Connection pool hangs in createOrWaitForConnection

A thread waiting in com/ibm/ejs/j2c/FreePool.createOrWaitForConnection is waiting to get a connection from a connection pool. This may mean either that there are more threads than the maximum connection pool size (and a subset of them is using all connections in the pool), or, less commonly, that one or more threads are holding more than one connection per thread.

More threads than the maximum connection pool size

Normally, connections are requested from managed thread pools such as WebContainer, ORB.thread.pool, WMQJCAResourceAdapter, etc. If the sum of the maximum sizes of the thread pools that may use connections is less than the maximum size of the connection pool, then, with sufficient concurrent workload, or if there is a backup in the backend resource (database, queue, etc.) or something else causing the connections to be held for a long time, then this can become a bottleneck.

Common solutions include:

  1. Optimize whatever bottleneck is holding the connections for a long time, and/or,
  2. Increase the maximum connection pool size to sum(max(connection-using thread pool size))+1, and/or,
  3. Reduce the maximum thread pool sizes so that their sum is less than or equal to the maximum connection pool size + 1.

Option 2 may put unexpected stress on the backend resource (database, queue, etc.) and/or unexpected stress on the application server (e.g. CPU, Java heap, etc.) because more concurrent work can run that would previously be bottlenecked. Option 3 may increase response times due to queuing.

Therefore, there is no easy answer as this involves a tuning exercise.

Note: the reason for +1 in the formulas above is to avoid the case of a deadlock due to threads requesting more than one connection (though this can still be a livelock; see next section).

Threads holding more than one connection per thread

It's common that one thread should only use one concurrent connection from a connection pool, though there may be cases where an application may legitimately use multiple concurrent connections from the pool, so it depends on the use case.

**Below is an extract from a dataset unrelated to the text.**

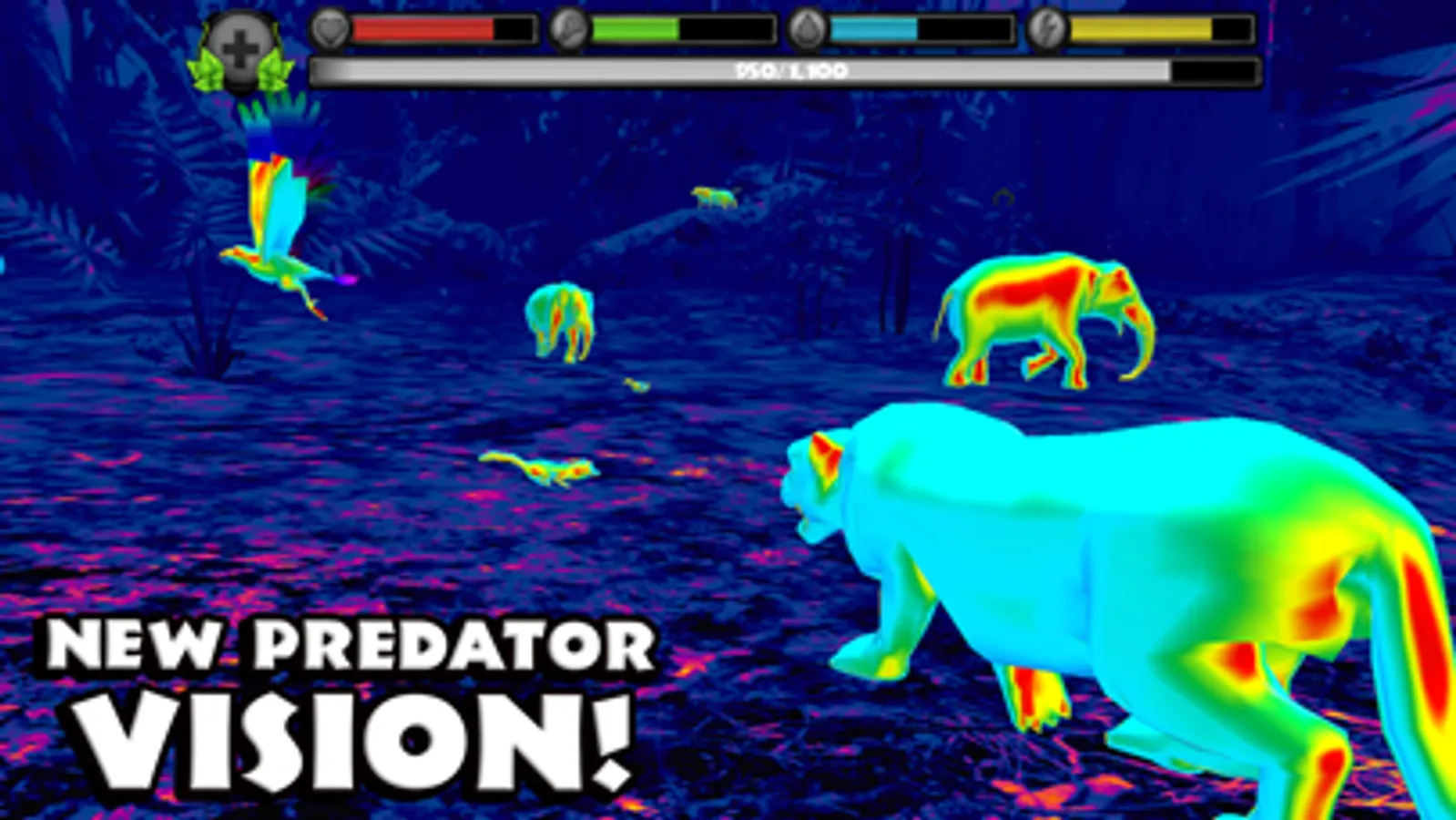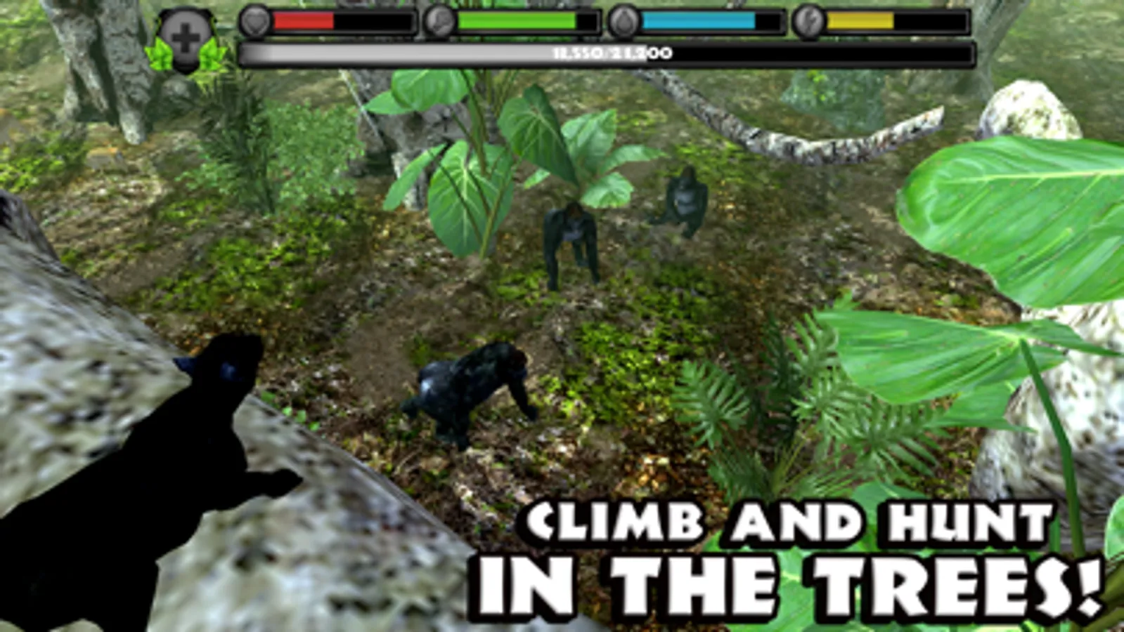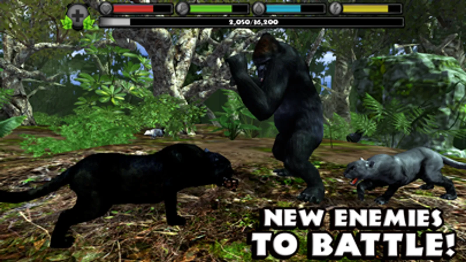 Gain experience by defeating dangerous predators, eating small animals, and completing missions. Level up your panthers to increase their health and attack damage, unlock new fur colors, and gain new powers like Predator Vision!
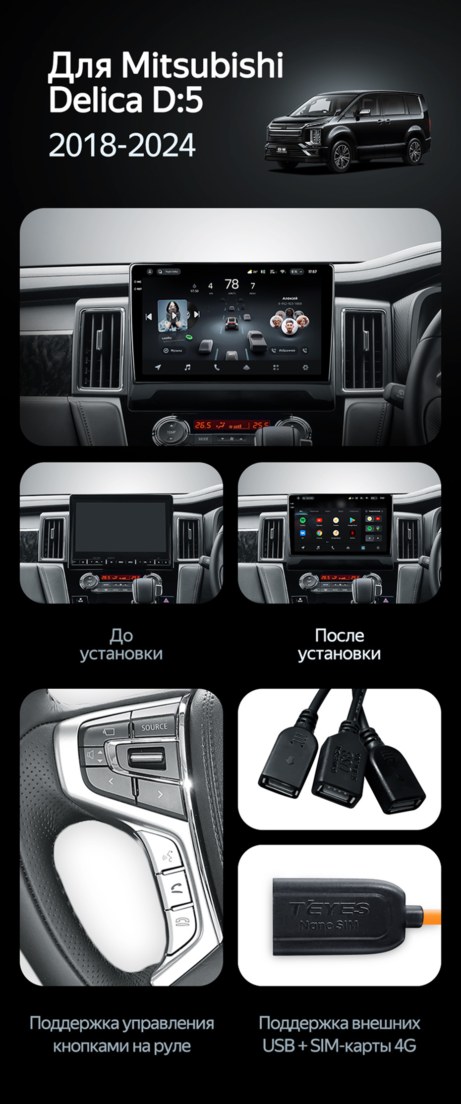 Штатная магнитола Teyes CC4 Pro 12/256 Mitsubishi Delica D:5 (2018-2024) - купить всего за 69 670 руб. в интернет-магазине в Белгороде Teyes.com.ru. ✓ Самый лучший выбор мультимедиа ✓ Лучшая замена штатному ГУ ✓ Тел. +7 (800) 775-31-74

In either case (as temporary relief, or as expected behavior, respectively), the connection pool maximum may be set to a multiple of sum(max(connection-using thread pool size))+1 with the same caveats above about additional stress on the backend resource and/or application server.

Connection leaks

Connection leaks are normally not a problem because Java enterprise edition managed resources default to shareable connections which means that the application server will close the connection at the end of the transaction containment even if the application forgot to call close.

However, shareable connections may cause connections to be held for longer than expected because of a delay of something else within the same transaction containment. For example, imagine that the application gets a connection from the pool in a local transaction containment (e.g. servlet, etc.), performs some work, "closes" the connection, and then performs a web service call which is very slow, then the connection will be held on that thread until the slow web service call responds, and this may put extra pressure on the connection pool. In this case, unshareable connections may help as the connection will be given back to the pool when the application calls close on it. So there are various tradeoffs between shareable and unshareable connections.

Connection pool maximum less than thread pools' maximums

A connection pool maximum may be consciously set to less than the sum of the thread pools' maximums. This may be done because the backend resource (e.g. database, queue, etc.) has limited capacity; however, it's generally recommended to queue work in front of the application server rather than within it:

In general, requests wait in the network in front of the web server, rather than waiting in WebSphere Application Server. This configuration only supports those requests that are ready for processing to enter the queuing network.

Setting the thread pool some amount larger may be acceptable so that queued work is available immediately as connections are freed under maximum load:

Because there is work waiting to enter a component at each point upstream, no component in this system must wait for work to arrive. The bulk of the requests wait in the network, outside of WebSphere Application Server.